The previous article reviewed specifics in selecting data governance solutions and their functionalities. In this article, we will discuss the following:

  • The definition and content of metadata management and related challenges
  • Business needs and requirements for a metadata management tool
  • Situation with commercial-off-the-shelf (COTS) data governance tools (based on the analysis of 40 tools)

Metadata Management: Definition, Content, and Associated Challenges

Metadata

Let’s start with the definition of metadata. In my practice, I use the following definition: “Metadata is data that defines and describes other data in a particular context.”

Metadata can be of various types. Multiple metadata classifications exist. DAMA-DMBOK2 recognizes three: business, technical, and operational, as shown in Figure 1.

Figure 1: Metadata types.

Figure 1: Metadata types.

The definitions of these metadata types are presented in Figure 1.

Several challenges are associated with metadata:

  1. Metadata can be data in a particular context.

Let’s take data instances in a database column. These data instances don’t have meaning unless we provide a technical name to this column. The technical name is metadata. We may also need to explain the meaning of the technical names. It will require metadata at an upper level. In other words, we need metadata for metadata. In this case, the technical names turn out to be data in a particular context.

  1. Metadata can be a single data element or a complex object.

An application owner is a single data element.
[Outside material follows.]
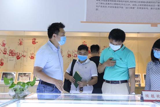 徐健院长一行首先来到创新创业生态基地,观看了学校在第五届中国“互联网+”大学生创新创业大赛中获得全国银奖的项目路演,随后参观了该项目的成果之一—-“不惑青春”英雄精神体验传承基地。马骏院长向徐健院长一行介绍了基地展示的文物,讲述了部分文物的历史典故及边境战事的民族英雄故事。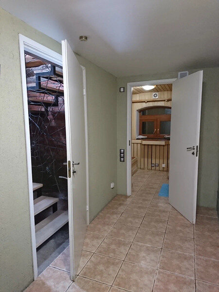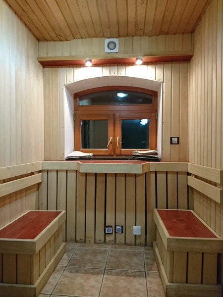 Дом 2-х этажный: первый этаж — хоз. блок, санузел, душевая, сауна (входит в стоимость), второй этаж — две изолированные спальни с двуспальными кроватями, санузел, большая гостиная, совмещенная с кухонной зоной (оснащенная всем необходимым).

A data model is a complex metadata object that consists of multiple elements.

  1. Various metadata types represent the same object.

Data lineage in the viewpoint of DAMA-DMBOK2 combines business and technical metadata.

Metadata model

Figure 2 demonstrates an example of a metadata model I developed for data lineage. A metadata model shows the metadata objects and the relationships between them. Data lineage is a complex metadata construct that combines business and technical metadata.
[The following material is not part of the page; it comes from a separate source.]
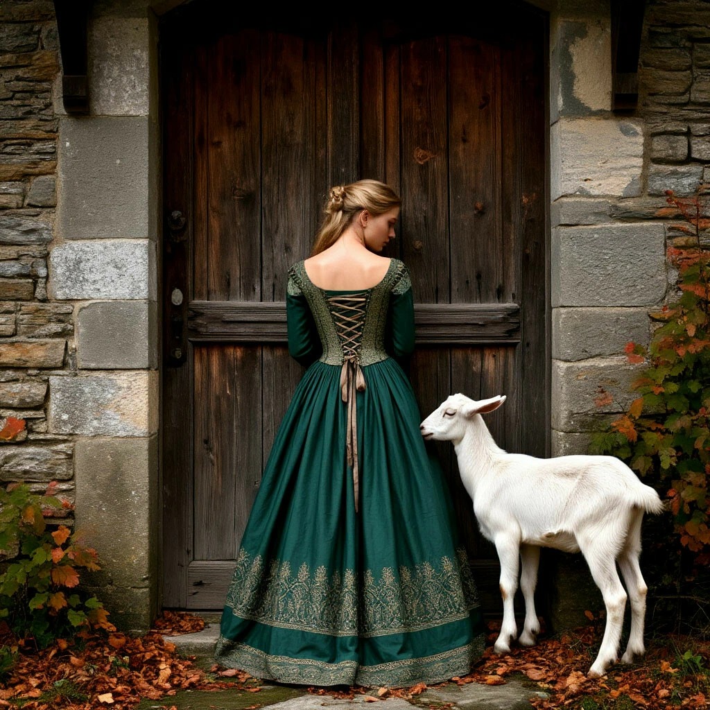 Медленно, плавно, чтобы не спугнуть, я отступаю к буфету. Стекло мутное, но за ним угадываются очертания посуды. Дверца со скрипом поддаётся, и я нахожу простую глиняную миску, толстостенную и прочную. Козочка наблюдает за мной, коротко и тревожно блея, переступая с ноги на ногу.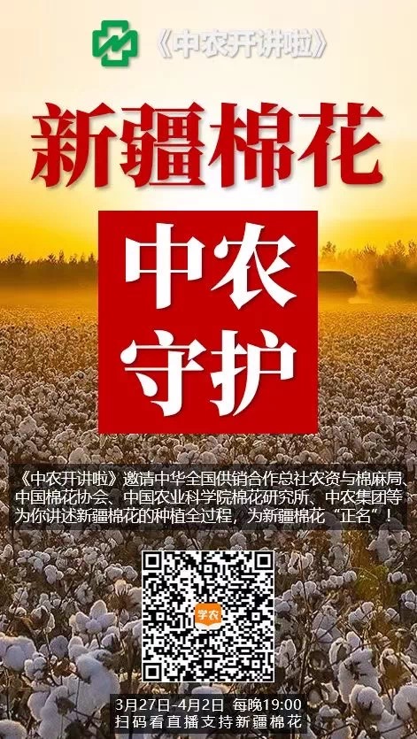 支持新疆棉花先从了解新疆棉花开始。3月28日,中农集团迅速推出《中农开讲啦》第二期——“新疆棉花 中农守护”系列讲座,为新疆棉花正名。

Figure 2: A metamodel of data lineage.

Figure 2: A metamodel of data lineage.

I described this metamodel in my book, “Data Lineage from a Business Perspective.”

The key message is the following: various metadata objects and elements must be taken into the scope of metadata management. They are not limited only to the physical level. These objects and elements can be found in multiple IT applications.

Metadata management

Let’s start with the definition of metadata management provided by DAMA-DMBOK2: metadata management is “Planning, implementation, and control activities to enable access to high quality, integrated metadata.”
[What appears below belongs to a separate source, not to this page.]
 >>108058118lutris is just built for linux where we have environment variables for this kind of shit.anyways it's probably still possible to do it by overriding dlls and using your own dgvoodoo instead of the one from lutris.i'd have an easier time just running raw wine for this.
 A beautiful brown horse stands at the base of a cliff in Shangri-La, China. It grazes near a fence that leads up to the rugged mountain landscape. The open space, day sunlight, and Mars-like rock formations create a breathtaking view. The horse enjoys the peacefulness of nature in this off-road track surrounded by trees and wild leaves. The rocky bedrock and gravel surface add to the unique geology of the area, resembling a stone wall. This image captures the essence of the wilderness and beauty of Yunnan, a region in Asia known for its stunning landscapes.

I apply another definition in my practice: “Metadata management is a company’s ability to discover, gather, and integrate metadata of required quality to enable a data lifecycle.”

Several challenges are associated with metadata management.

  1. Many companies don’t pay enough attention to establishing metadata management.

Metadata management is an enabler of a data lifecycle, including data integration. Metadata management focuses on gathering, integrating, and distributing metadata. In other words, metadata management enables data and metadata lifecycles. That is why proper data management is only possible with metadata management.

  1. Many professionals limit metadata management to technical metadata.

Metadata is a product of various capabilities and corresponding IT tools like business process management, data modeling, data-, application-, technology architecture, data quality, and multiple IT infrastructure-related capabilities. Different types of metadata must be gathered and integrated. Knowledge graphs are one of the examples of this requirement.

  1. Metadata volumes can exceed data volumes.

Data consumption and production volumes grow exponentially. It causes an increase in metadata volumes. In my opinion, the metadata volumes exceed data volumes.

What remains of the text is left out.